Substituting $\tilde{{x}}^{k+1} := \tilde{{x}}^k - \frac{1}{\tau _k}(\hat{{x}}^k - {x}^{k+1})$ from the third line of (16) together with (42), and (43) into (41), we can derive

$$\begin{aligned} F_{\gamma _{k+1}}({x}^{k+1})\le & {} (1- \tau _k)F_{\gamma _{k}}({x}^k) + \tau _kF({x}) \\&+ \frac{\Vert {A}\Vert ^2\tau _k^2}{2\gamma _{k+1}}\left[ \Vert \tilde{{x}}^k - {x}\Vert ^2 - \Vert \tilde{{x}}^{k+1} - {x}\Vert ^2\right] - R_k, \end{aligned}$$

which is indeed (18), where $R_k$ is given by (19).

Finally, we prove (20).

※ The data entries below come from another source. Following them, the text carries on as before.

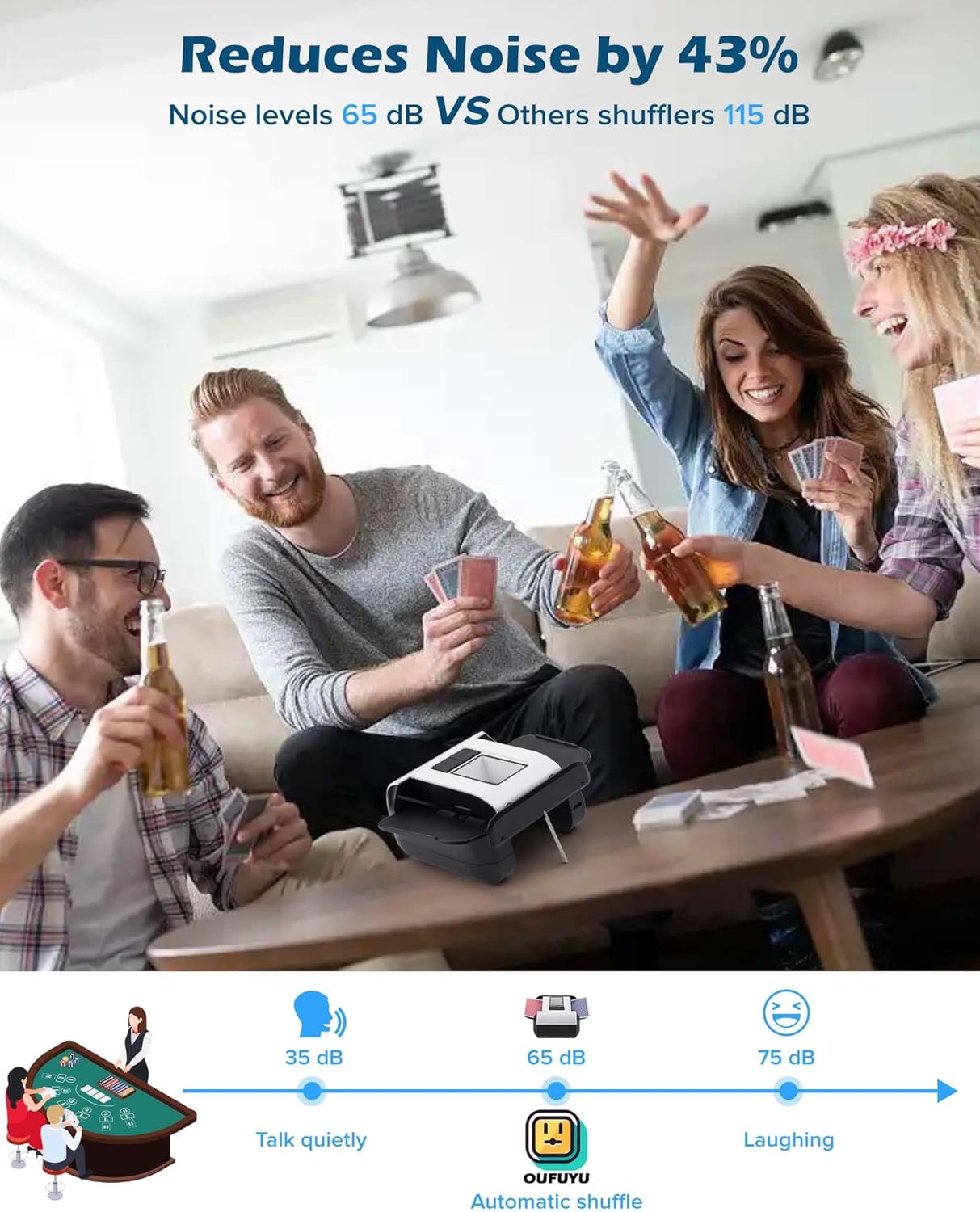 - LOW-NOISE SHUFFLING : This automatic shuffler for cards runs quieter than other shufflers, ensuring a distraction-free gaming environment. Unlike other noisy shufflers, this shuffler allows you to focus on the game without being disturbed by loud shuffling noises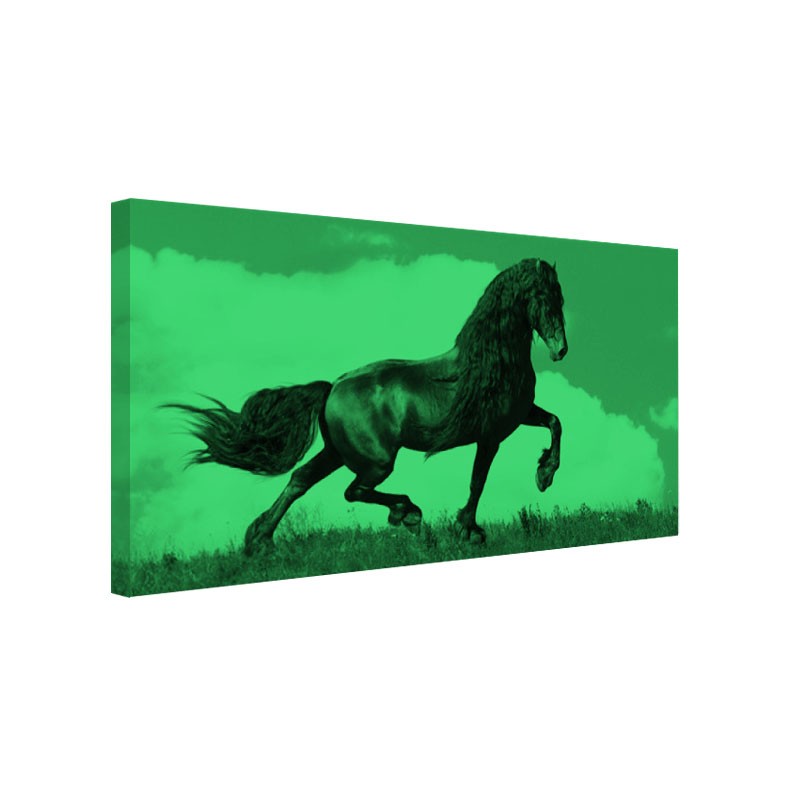 Tabloul fosforescent Cal negru pe pajiste este o imprimare de inalta rezolutie pe canvas profesional, avand proprietatea de a lumina in intuneric. In prezenta luminii naturale sau artificiale arata ca orice alt tablou obisnuit dar in intuneric imaginile imprimate devin vizibile dezvaluind imagini suprinzatoare. Cerneala folosita la imprimare este ecologica si nu contine plumb sau fosfor avand o mare putere de retinere-emitere de energie prin absorbtia luminii naturale sau artificiale.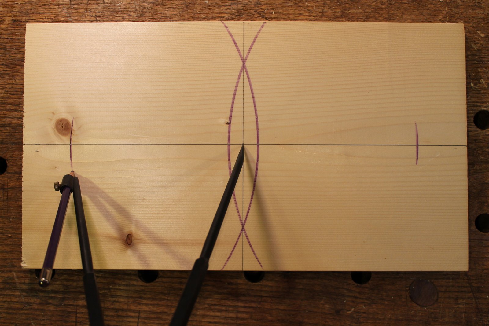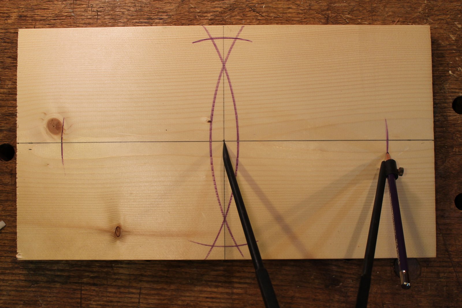 Keep that compass setting (one half of the length), place the point of the compass where the width mark intersects the vertical center line, and strike an arc at the two spots it crosses the horizontal center line. Repeat from the opposite side if you want to be sure.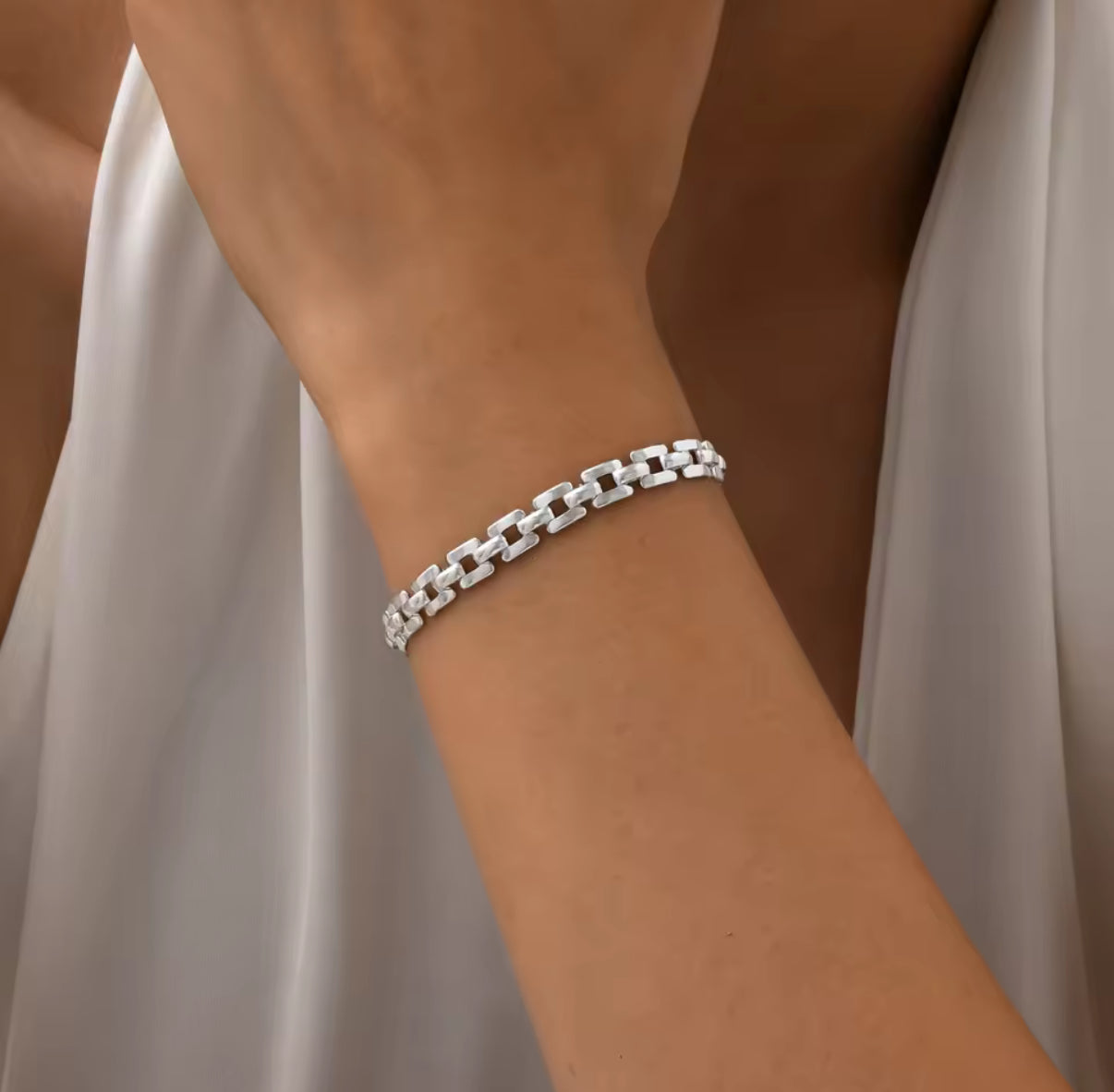 Elevate your style with our minimalist Watch Band Bracelet. Designed for the modern woman, this stainless steel waterproof bracelet features a sleek link chain for a chic and trendy look. Give the gift of timeless elegance with this stunning piece of jewelry.

Indeed, using the strong convexity and the $L_b$-smoothness of $b_{\mathcal {U}}$, we can lower bound

$$\begin{aligned} R_k\ge & {} \frac{\tau _k\gamma _{k+1}}{2}\Vert {u}^{*}_{\gamma _{k+1}}({A}^{\top }\hat{{x}}^k) - \bar{{u}}^c\Vert ^2 + \frac{(1-\tau _k)\gamma _{k+1}}{2}\Vert {u}^{*}_{\gamma _{k+1}}({A}^{\top }{x}^k) - {u}^{*}_{\gamma _{k+1}}({A}^{\top }\hat{{x}}^k)\Vert ^2\\&-\frac{L_b}{2}(1-\tau _k)(\gamma _k - \gamma _{k+1})\Vert {u}^{*}_{\gamma _{k+1}}({A}^{\top }{x}^k) - \bar{{u}}^c\Vert ^2. \end{aligned}$$

Letting $\hat{{v}}_k := {u}^{*}_{\gamma _{k+1}}({A}^{\top }\hat{{x}}^k) - \bar{{u}}^c$ and $ {v}_k := {u}^{*}_{\gamma _{k+1}}({A}^{\top }{x}^k) - \bar{{u}}^c$, we write $R_k$ as

$$\begin{aligned} 2\gamma _{k+1}^{-1}R_k\ge & {} \tau _k\Vert \hat{{v}}_k \Vert ^2 + (1-\tau _k)\Vert \hat{{v}}_k - {v}_k\Vert ^2 - (1-\tau _k)(\gamma _{k+1}^{-1}\gamma _k - 1)L_b\Vert {v}_k\Vert ^2 \\= & {} \Vert \hat{{v}}_k\Vert ^2 - 2(1-\tau _k)\langle \hat{{v}}_k ,{v}_k \rangle + (1-\tau _k)\big [1 - (\gamma _{k+1}^{-1}\gamma _k - 1)L_b\big ]\Vert {v}_k\Vert ^2 \\= & {} \Vert \hat{{v}}_k - (1-\tau _k){v}_k\Vert ^2 + (1-\tau _k)\left[ \tau _k - (\gamma _{k+1}^{-1}\gamma _k - 1)L_b\right] \Vert {v}_k\Vert ^2 \\\ge & {} (1-\tau _k)\left[ \tau _k - (\gamma _{k+1}^{-1}\gamma _k - 1)L_b\right] \Vert {v}_k\Vert ^2, \end{aligned}$$

which obviously implies (20). $\square $

1.3 The proof of Lemma 4: the choice of parameters

First, using the update rules of $\tau _k$ and $\gamma _k$ in (21), we can express the quantity $m_k$ as

$$\begin{aligned} m_k&:= \frac{\gamma _{k+1}(1-\tau _k)\left[ \gamma _{k+1}\tau _k - L_b(\gamma _k - \gamma _{k+1})\right] }{\tau _k^2} = -\frac{\gamma _1^2\bar{c}^2\left[ (L_b-1)(k + \bar{c}) + 1\right] }{(k+\bar{c})^2}. \end{aligned}$$

Moreover, it follows from the properties of $b_{\mathcal {U}}$ that

$$\begin{aligned} \frac{1}{2}\Vert {u}^{*}_{\gamma _{k+1}}({A}^{\top }{x}^k) -\bar{{u}}^c\Vert ^2 \le b_{\mathcal {U}}({u}^{*}_{\gamma _{k+1}}({A}^{\top }{x}^k)) \le D_{\mathcal {U}}. \end{aligned}$$

Multiplying the lower bound (20) by $\frac{\gamma _{k+1}}{\tau _k^2}$ and combining the result with the last inequality and the estimate of $m_k$, we obtain the first lower bound in (22).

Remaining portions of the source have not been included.